At SP Energy Networks, we are dedicated to sharing high-quality data with our stakeholders and being transparent about its' quality. This is why we openly share the results of our Data Quality Assessments. We collaborate closely with Data Owners to address any identified issues and enhance our overall data quality. To demonstrate progress we will conduct, at a minimum, annual assessments of our data quality.
We welcome feedback and questions from our stakeholders regarding our approach to data quality. Our Open Data team is available to answer any enquiries or receive feedback on the assessments. You can contact them via our Open Data mailbox at opendata@spenergynetworks.co.uk
To access our data, please visit our Open Data Portal by clicking the following link: Open Data Portal.
Data Quality Dimensions
As a part of our comprehensive Data Quality Assessment, we measure the quality of our datasets across six dimensions. See below for a description of each of the dimensions and an example of how they may be used.

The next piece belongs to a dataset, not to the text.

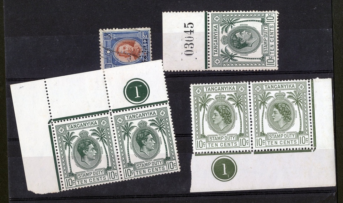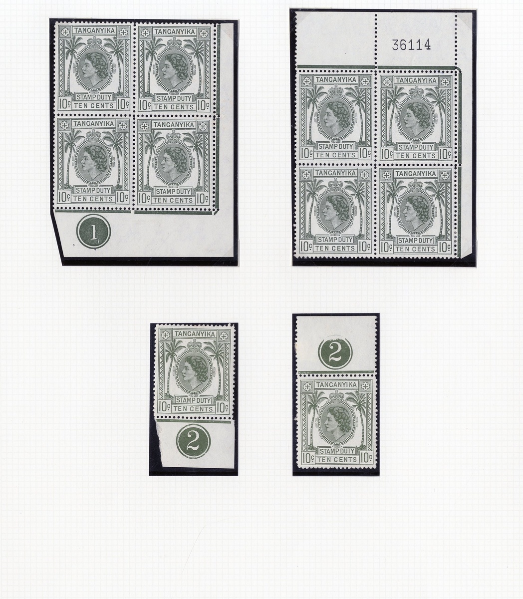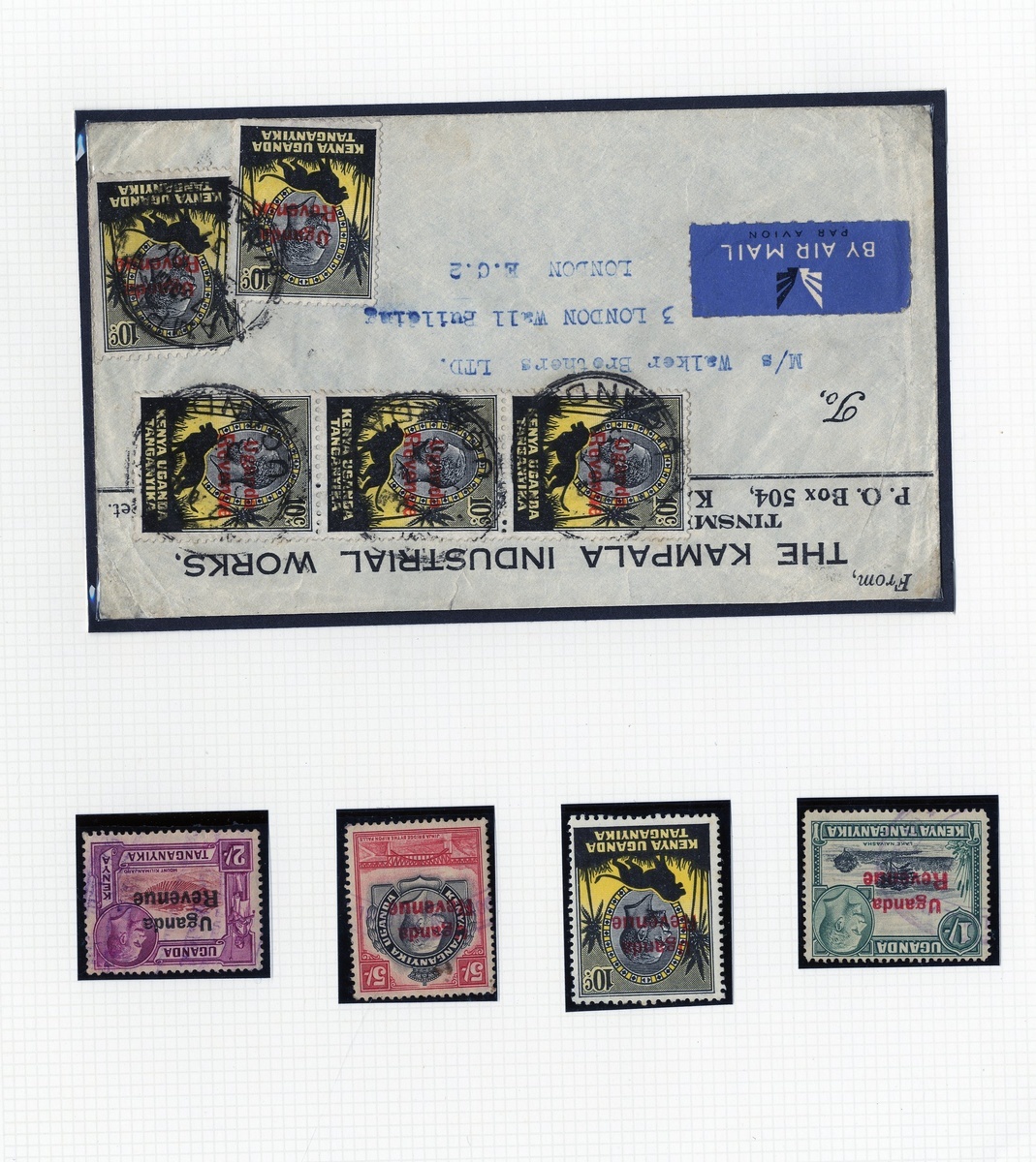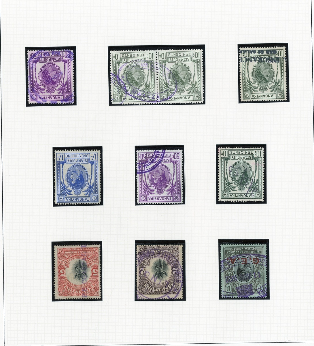 Balance collection on pages and cards with much of interest including Uganda Revenue 1935 10c. black and yellow (5) tied to airmail cover to London, and single values to 5/-, KGVI values to 5/-, QEII to £1, Kenya Revenue 1954 10c. red and 20c. orange and black in marginal blocks of four, and single values to 5/-, Graduated personal tax remainders, opt. "msa/ 02" including imprint blocks of four, Tanganyika including KGVI set to 20/-, with QEII and KGVI 10c. multiples including plate blocks, current number singles and multiples and Kenya impressed revenue 4/- red on complete document. An interesting lot.
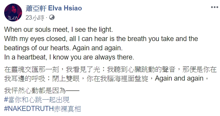 天后蕭亞軒(Elva)在40歲生日時大方認愛,對象是一位小她16歲的男友黃皓,睽違四年再次推出新專輯《NAKEDTRUTH赤裸真相》,近日事業愛情兩得意的她,也在昨日釋出第一波主打歌《當你和心跳一起出現》的MV片段,還邀請男友來擔任男主角,兩人在MV裡大方秀恩愛,閃瞎所有粉絲,讓人看了都羨慕到快瘋掉!

Validity | Validity measures whether the values in a dataset are within the correct range or format. This dimension ensures that the data adheres to predefined criteria set by the Data Owner, such as acceptable value ranges, formats and types. An example of this may be ‘the value must be greater than 1’ or ‘the value must be alphanumeric.’ |
---|
Completeness | Completeness checks whether the cells in a dataset are filled or empty. The score is based on a simple 'Yes/No' - if the cell is filled, it counts as complete. This check does not consider if the value in the cell is correct or valid. An example of this may be ‘the "Postcode" column must be populated’ or ‘the "Address" column cannot be blank.’ A completeness rule contains no specifications about what it should contain or how this should be structured. |
---|
Uniqueness | Uniqueness measures how many values in a dataset are unique. Any duplicate values will lower this score. This measure is important for data that must be unique to be correct, such as Customer ID or Project Reference ID. An example of this may be ‘every value in the "Customer ID" column must be different’ or ‘values in the "Project Reference ID" column must not be duplicated.’ |
---|
Timeliness | Timeliness measures whether a dataset is available within the agreed timeframe or Service-Level Agreement (SLA). The score reflects this availability. A score of 100% means the data is always available within the SLA. An example of this may be ‘the refreshed dataset must be available every 24 hours to ensure it remains accurate and is in line with the service-level agreement (SLA).’ |
---|
Consistency | Consistency measures whether data remains the same across different instances. This can be checked by comparing values in two different datasets to see if they match. It can also involve measuring the number of records to see if they stay the same or if there are any significant increases or decreases. An example of this may be 'the number of customer names must be the same in Dataset 1 and Dataset 2' or ‘the values in the "Postcode" column must match in Dataset 1 and Dataset 2.’ |
---|
Accuracy | Accuracy measures whether the contents of the dataset are correct and represent the truth. One way to measure data accuracy is to compare values to a standard or reference values provided by a reliable source. An example of this may be 'the “Customer Postcode” values are compared to Postcodes published by Ordnance Survey, alongside positive confirmation that the customer resides at this address.' |
---|
Data Quality Assessments
We have now completed the first phase of our Quality Assessments, measuring our datasets against the three dimensions of validity, completeness and uniqueness. We are now in the process of expanding our Quality Assessments to include the dimensions of timeliness, consistency and accuracy to provide a comprehensive evaluation, and will publish these in line with our roadmap which will be delivering across the year.
The data quality scores associated with each dataset are published on our Open Data Portal and can be accessed via the ‘Supporting Information’ theme on the homepage. Please note, to access our data quality checks you must be a registered user and logged in to our Portal.